===== Input data =====
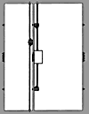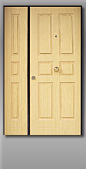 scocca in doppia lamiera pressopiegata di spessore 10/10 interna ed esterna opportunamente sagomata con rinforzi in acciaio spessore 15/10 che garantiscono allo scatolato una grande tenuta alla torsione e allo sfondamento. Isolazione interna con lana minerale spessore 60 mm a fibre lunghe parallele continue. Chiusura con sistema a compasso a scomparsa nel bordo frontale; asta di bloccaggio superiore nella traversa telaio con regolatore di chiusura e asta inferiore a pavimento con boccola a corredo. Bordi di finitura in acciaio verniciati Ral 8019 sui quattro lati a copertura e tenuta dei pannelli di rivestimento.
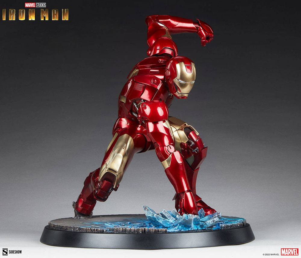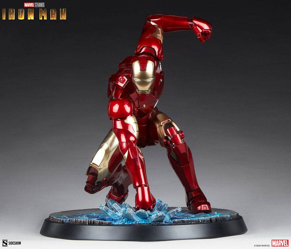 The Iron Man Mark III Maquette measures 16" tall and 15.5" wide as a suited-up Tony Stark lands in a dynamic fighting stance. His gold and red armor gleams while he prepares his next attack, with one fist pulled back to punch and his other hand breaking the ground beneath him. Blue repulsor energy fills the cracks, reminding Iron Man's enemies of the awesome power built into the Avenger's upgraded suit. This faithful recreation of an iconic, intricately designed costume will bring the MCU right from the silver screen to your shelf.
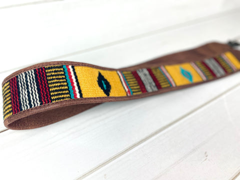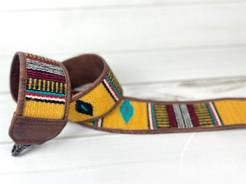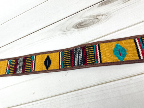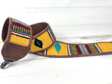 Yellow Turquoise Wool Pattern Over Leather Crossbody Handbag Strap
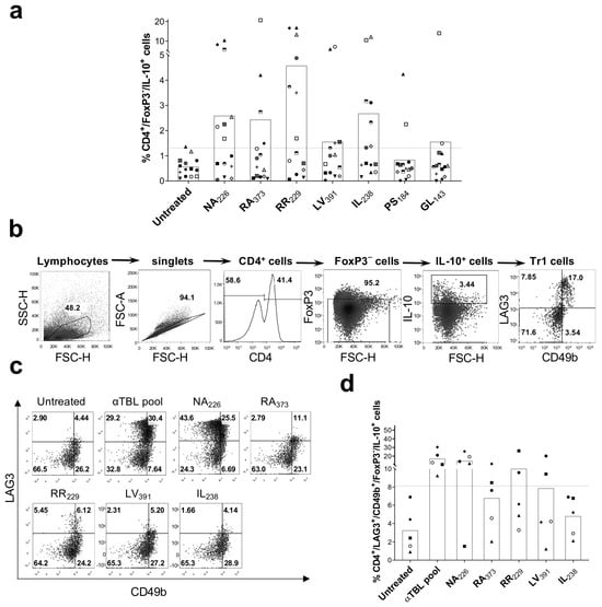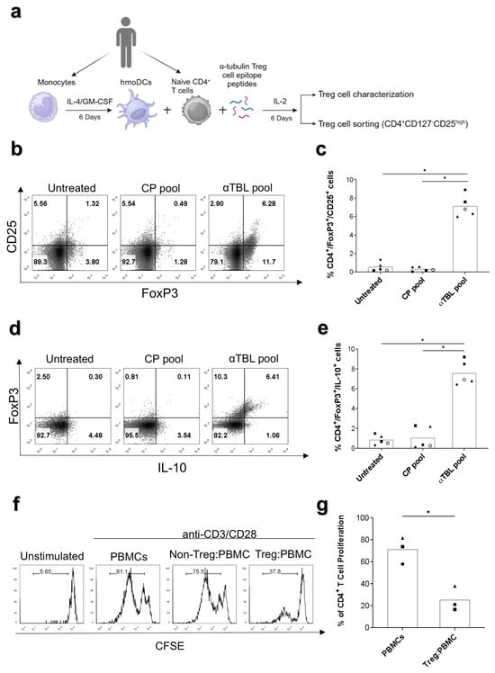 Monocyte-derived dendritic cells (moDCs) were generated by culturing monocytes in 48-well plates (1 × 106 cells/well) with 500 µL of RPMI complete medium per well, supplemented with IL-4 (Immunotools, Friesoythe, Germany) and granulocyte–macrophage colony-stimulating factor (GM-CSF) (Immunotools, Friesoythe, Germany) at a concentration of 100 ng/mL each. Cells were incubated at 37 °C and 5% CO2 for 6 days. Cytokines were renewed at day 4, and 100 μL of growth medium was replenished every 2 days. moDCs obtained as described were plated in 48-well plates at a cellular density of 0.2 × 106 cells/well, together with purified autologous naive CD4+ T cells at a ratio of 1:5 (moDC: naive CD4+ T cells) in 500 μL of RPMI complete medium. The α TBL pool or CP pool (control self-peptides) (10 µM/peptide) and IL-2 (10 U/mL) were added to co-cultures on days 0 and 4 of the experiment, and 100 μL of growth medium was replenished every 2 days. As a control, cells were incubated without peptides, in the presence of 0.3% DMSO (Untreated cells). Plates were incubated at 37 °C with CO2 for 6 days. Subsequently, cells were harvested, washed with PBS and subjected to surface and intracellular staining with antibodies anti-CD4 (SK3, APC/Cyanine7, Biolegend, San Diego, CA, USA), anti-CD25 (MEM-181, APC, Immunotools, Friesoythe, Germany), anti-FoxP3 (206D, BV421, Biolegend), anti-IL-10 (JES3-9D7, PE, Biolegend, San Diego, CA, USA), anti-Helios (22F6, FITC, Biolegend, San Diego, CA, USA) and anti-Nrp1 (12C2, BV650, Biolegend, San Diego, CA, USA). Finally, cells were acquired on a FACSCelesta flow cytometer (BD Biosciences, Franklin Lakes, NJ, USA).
=====
===== Input data =====
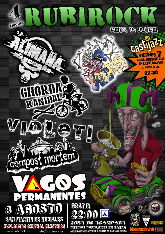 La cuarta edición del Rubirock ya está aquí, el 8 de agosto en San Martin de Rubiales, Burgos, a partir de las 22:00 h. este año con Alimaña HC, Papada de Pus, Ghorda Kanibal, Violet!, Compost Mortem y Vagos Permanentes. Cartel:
=====
===== Input data =====
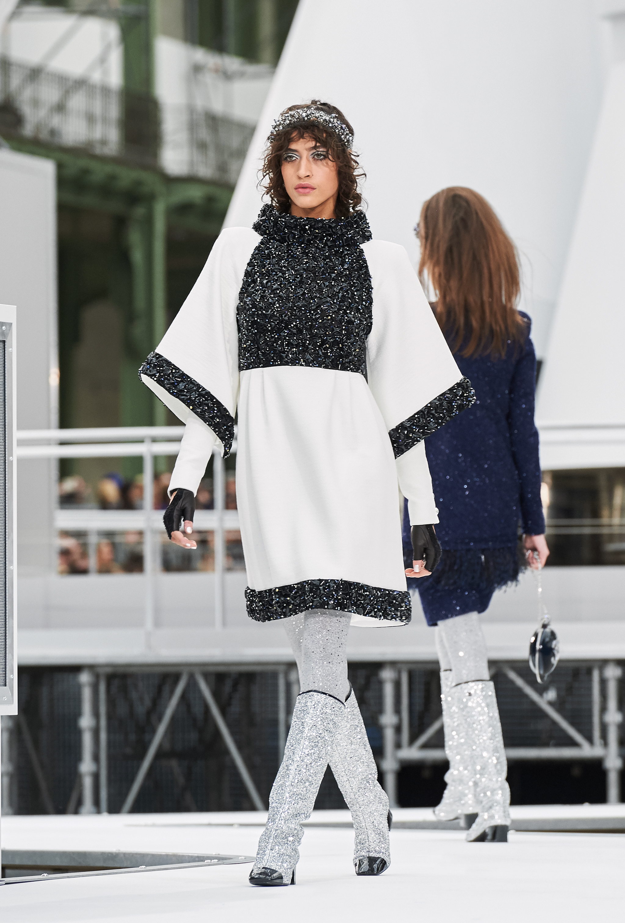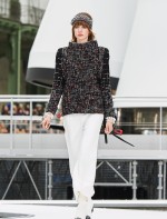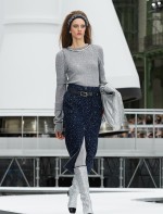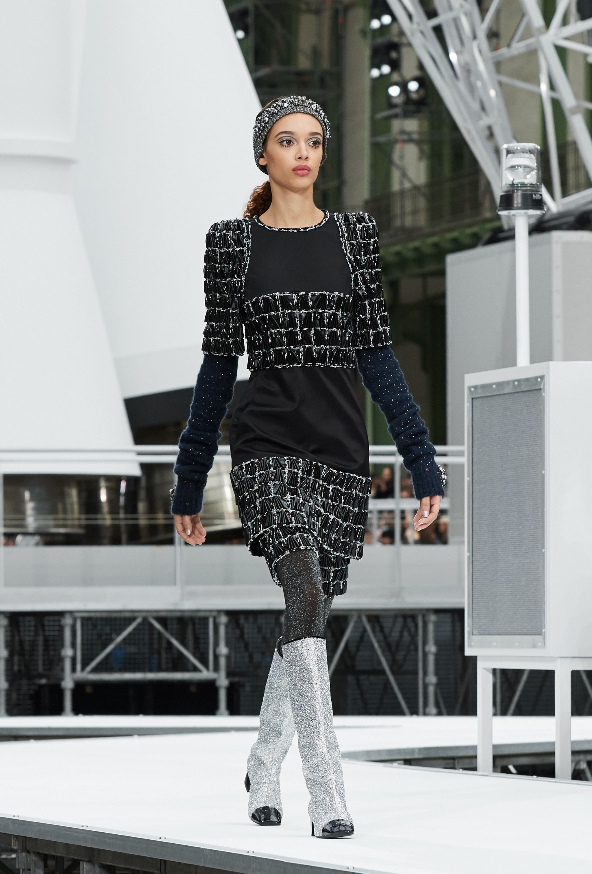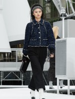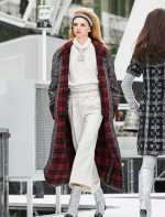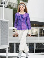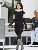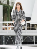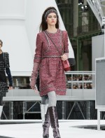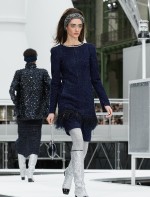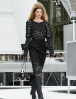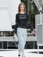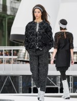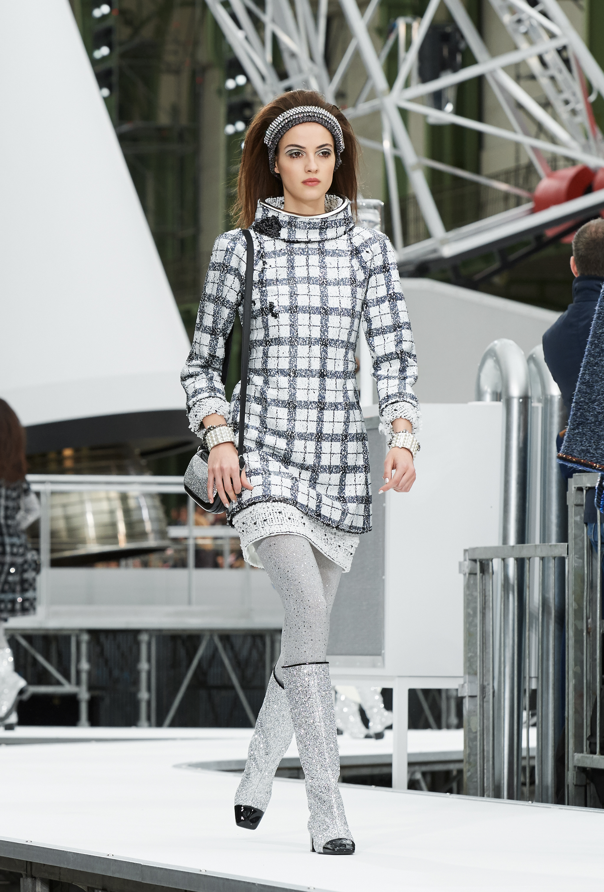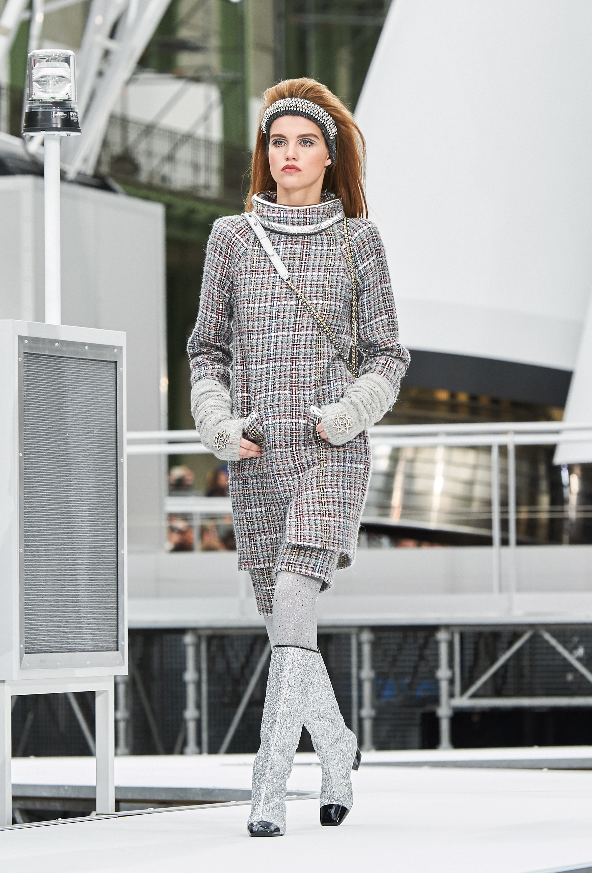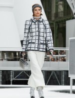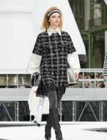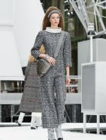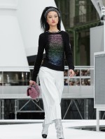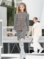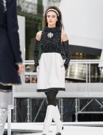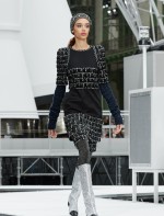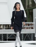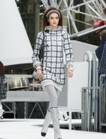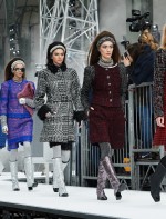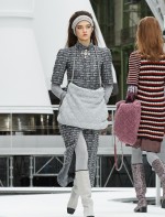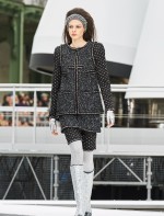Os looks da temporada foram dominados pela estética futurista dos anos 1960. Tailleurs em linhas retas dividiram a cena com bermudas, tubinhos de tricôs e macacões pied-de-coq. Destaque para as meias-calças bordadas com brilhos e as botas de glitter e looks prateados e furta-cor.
=====
## Aim of the task
Your copy should hold only the lines above from the one containing "scocca in doppia" through the one containing "Yellow Turquoise Wool", exactly as written and free of pictures.

## Exercise result
 scocca in doppia lamiera pressopiegata di spessore 10/10 interna ed esterna opportunamente sagomata con rinforzi in acciaio spessore 15/10 che garantiscono allo scatolato una grande tenuta alla torsione e allo sfondamento. Isolazione interna con lana minerale spessore 60 mm a fibre lunghe parallele continue. Chiusura con sistema a compasso a scomparsa nel bordo frontale; asta di bloccaggio superiore nella traversa telaio con regolatore di chiusura e asta inferiore a pavimento con boccola a corredo. Bordi di finitura in acciaio verniciati Ral 8019 sui quattro lati a copertura e tenuta dei pannelli di rivestimento.
 The Iron Man Mark III Maquette measures 16" tall and 15.5" wide as a suited-up Tony Stark lands in a dynamic fighting stance. His gold and red armor gleams while he prepares his next attack, with one fist pulled back to punch and his other hand breaking the ground beneath him. Blue repulsor energy fills the cracks, reminding Iron Man's enemies of the awesome power built into the Avenger's upgraded suit. This faithful recreation of an iconic, intricately designed costume will bring the MCU right from the silver screen to your shelf.
 Yellow Turquoise Wool Pattern Over Leather Crossbody Handbag Strap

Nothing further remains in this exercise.